Теперь я понимаю. Меланхолия – твой проводник. Ты достиг высшего чувствования, приглушил грохот сердца, не отдаваясь ничему существенному. Погруженный в психический хаос, ты сумел расчистить тропинку, по которой осторожно ступаешь, осужденный вновь и вновь возвращаться к тому, по чему тоскует твое спящее сердце. Я слышу тишину. Теперь в ней нет ни колокола, ни грохота цепей. Меня окружает лишь безмолвие – твой вечный спутник. Теперь я знаю, что звало меня. То были не цепи. Меня звала тишина меланхолии. Тоска по несбывшемуся. Ожидающая и приглашающая тишина безвременья.
Но что это? Перед глазами Чада появились разноцветные искры. Невообразимо прекрасный каскад образов опустился на него, и в нем он различил беззаботный детский смех, объятия и радостное тепло. Он разглядел густой, пышнотелый лес и дерево со вздувшейся, несущей жизнь почкой. Береговую линию, толкающую на берег прозрачную волну, и сплетенные в всполохах костра руки. Горячее дыхание и нежный шорох сброшенных одежд. Слуха коснулся робкий шепот первого признания, а лица – жаркое, запаленное в груди пламя. Ночное небо, украшенное пестрыми огнями, а под ногами шевеление спящей травы. Тысячи бабочек, вспорхнувших поутру, и прядь волос, поймавшая шелковистый луч рассвета.

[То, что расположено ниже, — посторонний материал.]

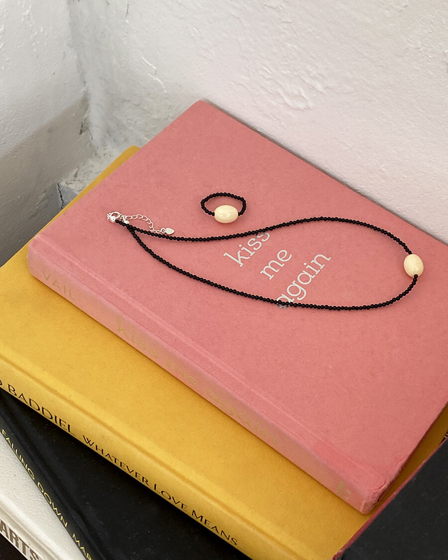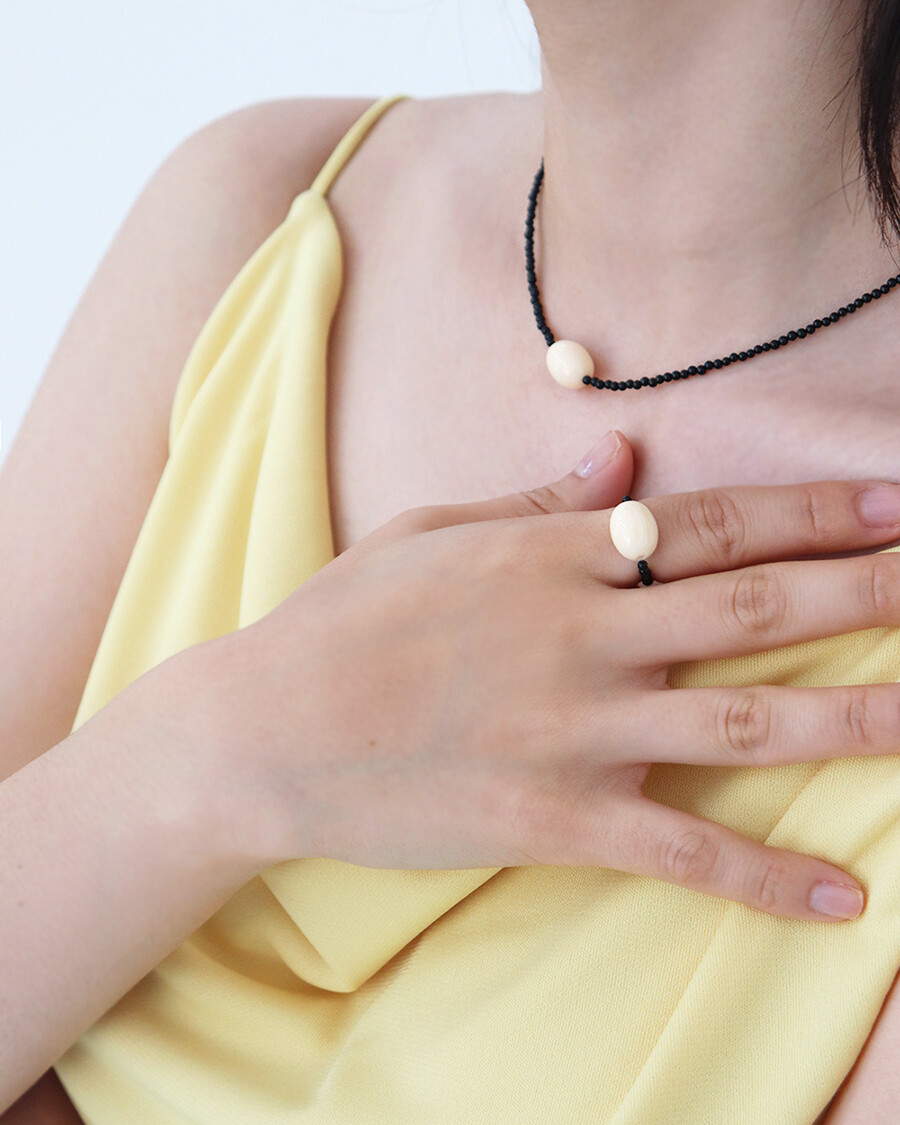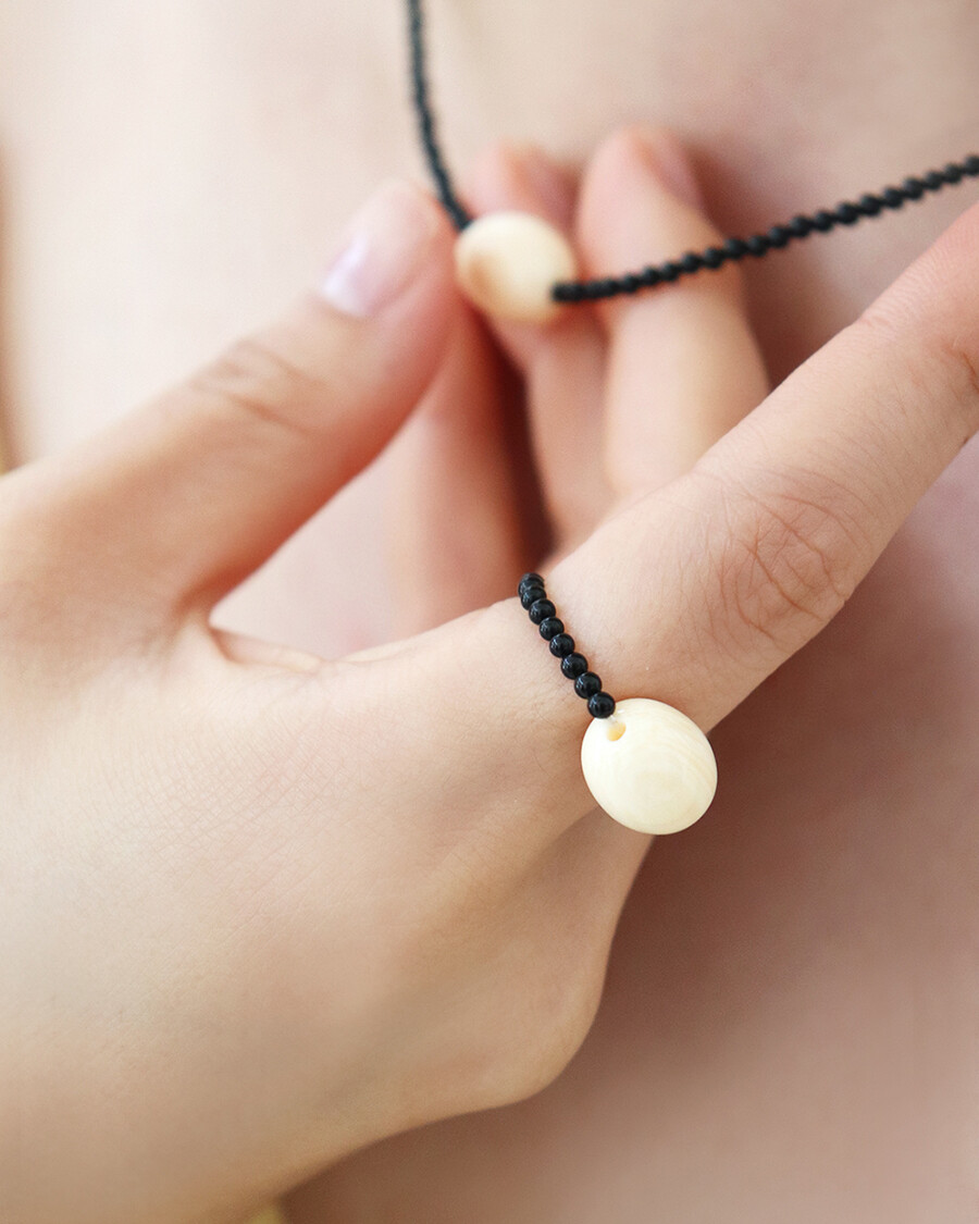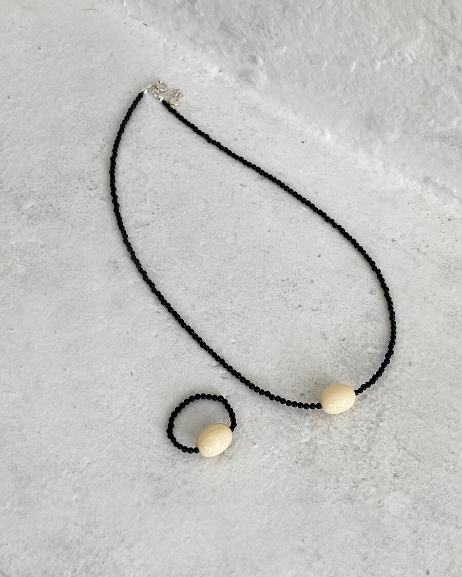 정교하게 깎은 오닉스 비즈 줄 중간에 상아 파우더를 압축한 오묘한 무늬의 타원형 팬던트를 넣은 제품입니다.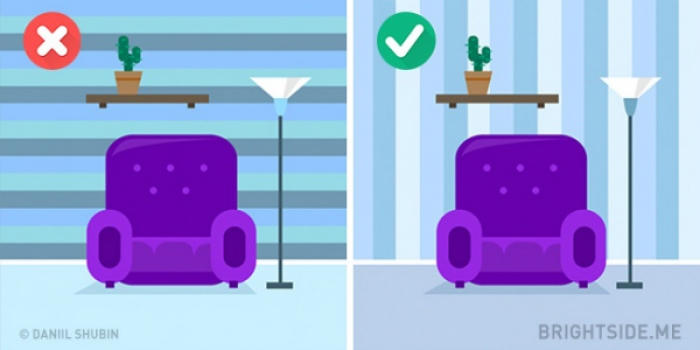 Chúng ta đều biết rằng những giấy dán tường màu sắc tối có thể khiến cho căn phòng có cảm giác nhỏ hơn diện tích vốn có của nó. Chính vì vậy, màu tối được coi là khắc tinh của những không gian nhỏ, hãy lựa chọn những gam màu sáng cho nhà nhỏ của bạn. Tương tự như vậy, giấy dán tường họa tiết kẻ dọc sẽ tạo cảm giác thoáng đãng và có nhiều không gian hơn. Nếu bạn có thể kết hợp cả hai yếu tố màu sáng và họa tiết kẻ dọc thì hiển nhiên bạn đã giúp nhà mình trở nên rộng rãi hơn rất nhiều.

– Ты все еще жив! – воскликнул Чад. – Жив внутри своего узилища, жаждешь простоты, без которой не вообразить человеческое сердце: чувствовать, страдать, наслаждаться, желать, любить. Как мог ты забыть о любви? Как мог забыть о ней я? Ведь я тоже художник. Но сердце мое холодно. И все же… Так долго жить без любви? – шептал Чад, пораженный. – Ведь любовь – это то, что спасло бы тебя. Все, что изображаешь ты, произошло из любви либо из того, что было ее лишено. Несчастный пленник, сорок лет проведший в заточении, спасением ты избрал искусство, полюбил его во всю мощь стылого сердца. Но я вижу, как тянется сквозь сумрак и время уставшая рука в надежде поймать ускользающее тепло другого тела. Ты жив лишь потому, что все еще веришь в
Чад чувствовал, как бьется его сердце, как с подбородка падают слезы. То, что он видел перед собой, мог создать лишь гений. Лишь гений великого вдохновения мог заявить о мире, не оглядываясь на него. Лишь ему было под силу овладеть искусством как орудием, как сетью – для того чтобы обездвижить, запечатлевая все величественное, что дано человеку еще до назначения ему судьбы. Все, чего лишился Оскар Гиббс, он проживал в антологии времен, в этом беспорядочном вихре, который стреножил и оседлал не в попытках узурпировать, но для того, чтобы вдохнуть вечную жизнь, покорить силе могучего духа. Боль незримого пронзила сердце Чада, и он охнул, присел на пол и часто задышал. Вокруг него раздалось хлопанье – картины возвращались на свои места, выпотрошенные, измученные превращением, они окостеневали, и краски схватывались вновь, края холстов загибались, ослабевал запах растворителя.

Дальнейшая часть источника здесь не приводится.